Śpiewałyśmy dla Niego na próbach przez telefon albo pod Jego balkonem. Odwiedzałyśmy Go relacjonując, co dzieje się w chórze. Pisałyśmy maile i SMSy. Nowa Pani Dyrygent Joanna Krejzler konsultowała z Januszem Dąbrowskim szczegóły wykonawcze Jego kompozycji. Dostawał nagrania.

Kolejne choroby i operacje odzierały Go z sił, a nas z nadziei, że nasze modlitwy o Jego zdrowie zostaną wysłuchane. W grudniu 2019 r. wydawało się, że przetrwał najgorsze, że niebezpieczeństwo minęło, że wszystko idzie ku lepszemu, choć już nie wstawał z łóżka.

Znakomity słuch towarzyszył Januszowi do końca. Po powrocie ze szpitala opowiadał, że lekarkę – sprawdzającą funkcjonowanie Jego wszystkich zmysłów po kolejnym udarze czy zawale – wprawił w zakłopotanie podając precyzyjnie nazwy muzyczne dźwięków wydawanych przez wszystkie aparaty podtrzymujące życie na sali intensywnej terapii.

Cieszyłyśmy się, słysząc Jego rześki głos w telefonie, widząc znów Jego zainteresowanie wszystkim, co się wokół działo. Dzwonił do Tereni prosząc o Jej specjalnie przyprawione śledzie na Święta Bożego Narodzenia. Bardzo Mu smakowały. Irenka przywiozła Mu naleśniki.

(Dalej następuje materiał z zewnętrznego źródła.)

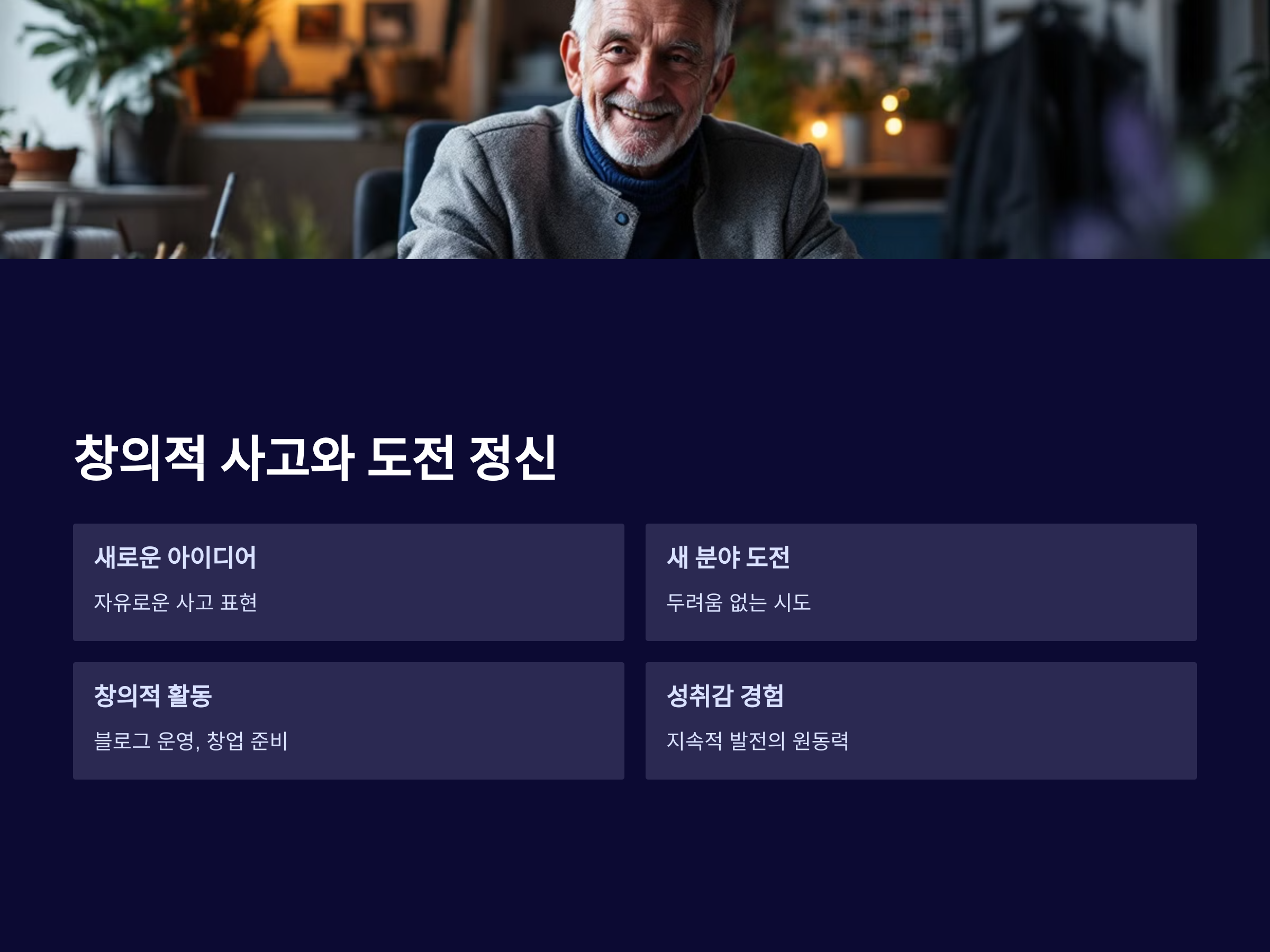 이들은 자신의 생각을 표현하고, 새로운 기술이나 분야에 대한 도전 정신을 가지고 창의적인 활동을 지속적으로 시도합니다. 예를 들어, 블로그를 운영하거나, 창업을 준비하는 등의 도전적인 활동을 통해 성취감을 얻고 성장합니다. 도전 정신과 창의적인 사고는 퇴직 후에도 자신을 끊임없이 발전시키는 원동력이 됩니다.

Po Nowym Roku byłyśmy zajęte przygotowaniami do koncertu kolędowego, ale na początek lutego umawiałyśmy się na wizytę u Maestra. Nie zdążyłyśmy. Nie możemy się z tym pogodzić. Bardzo nam Go brakuje! A jednocześnie mamy wrażenie, jakby tu nadal był. Zwłaszcza, gdy słuchamy nagrań Jego utworów, gdy patrzymy na nuty pisane Jego ręką, na fotografie, gdy śpiewamy Jego pieśni pamiętając o wskazówkach, jakich udzielał podczas ich nauki, mając jeszcze w uszach Jego głos…

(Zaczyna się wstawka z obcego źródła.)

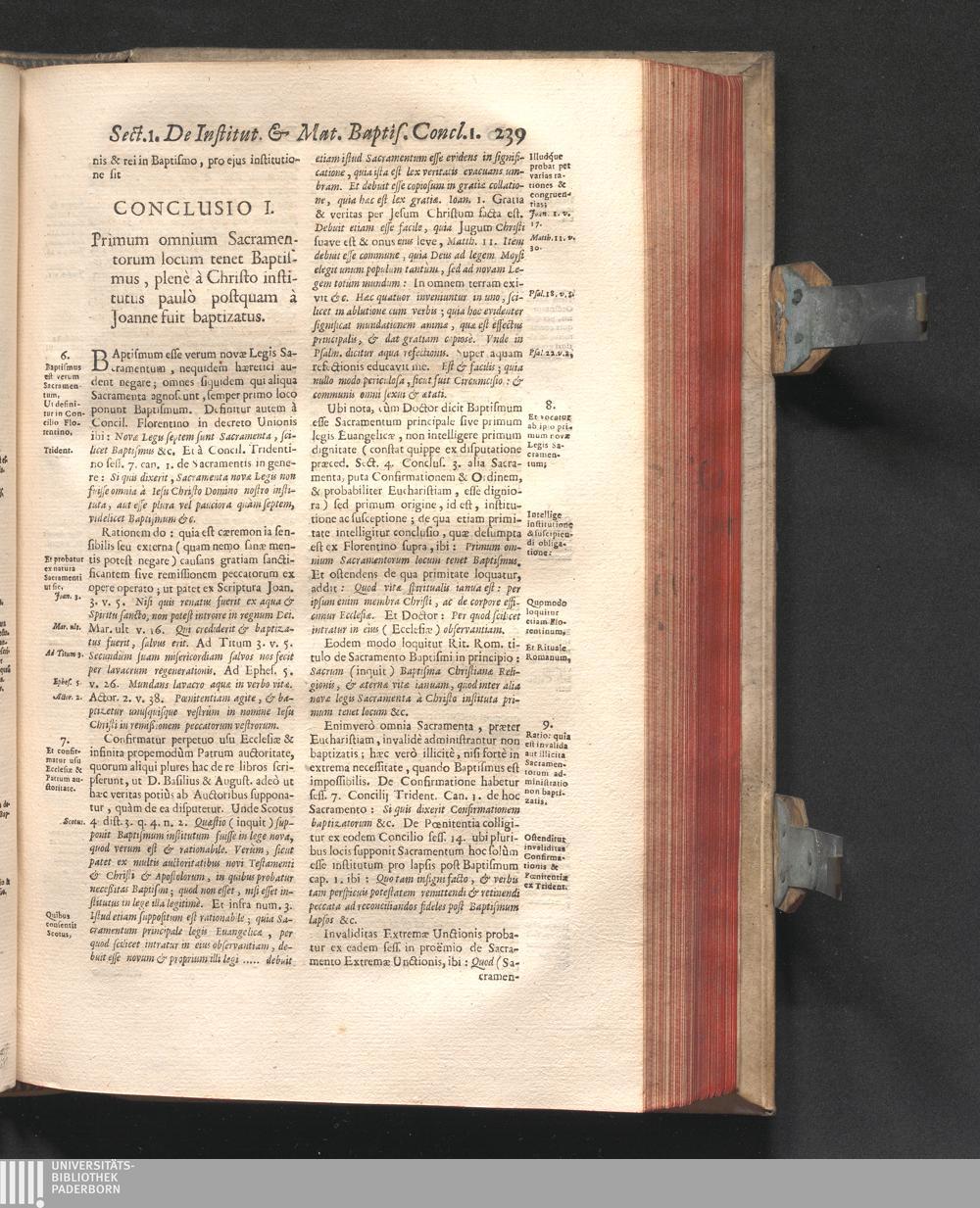 Concl. I. Primum omnium Sàcramentorum locum tenet Baptismus, plenè à Christo institutus[...]

Janusz Dąbrowski odcisnął na naszym chórze tak głębokie artystyczne piętno, że nie mamy wątpliwości, że pozostanie naszym muzycznym Patronem. Chciałybyśmy rozszerzyć nazwę chóru nadając mu imię Janusza Dąbrowskiego, bo przez prawie 50 lat byłyśmy autentycznie J e g o chórem.

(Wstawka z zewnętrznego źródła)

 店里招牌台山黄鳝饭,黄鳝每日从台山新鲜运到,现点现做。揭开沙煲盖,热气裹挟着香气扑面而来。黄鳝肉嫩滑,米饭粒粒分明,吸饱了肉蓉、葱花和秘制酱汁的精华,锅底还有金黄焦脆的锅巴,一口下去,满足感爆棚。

Joanna Kulesza-Fijałkowska
Warszawski Chór Żeński „Harfa”
29.02.2020 r.

[1] Od 1979 r. Państwowa Wyższa Szkoła Muzyczna nazywała się Akademią Muzyczną, a obecnie to Warszawski Uniwersytet Muzyczny Fryderyka Chopina.
[2] Gospodi usłyszi 2006 r.; Iże heruvimy ok. 2007 r.; Bogorodice Dievo 2016; Miłost mira 2016; Swiatyj Boże 2016; Vospojtie Gospodi 2016.
[3] Pierwsza wersja „Vocalise” z 1984 r., ostatnie poprawki z 2016 r.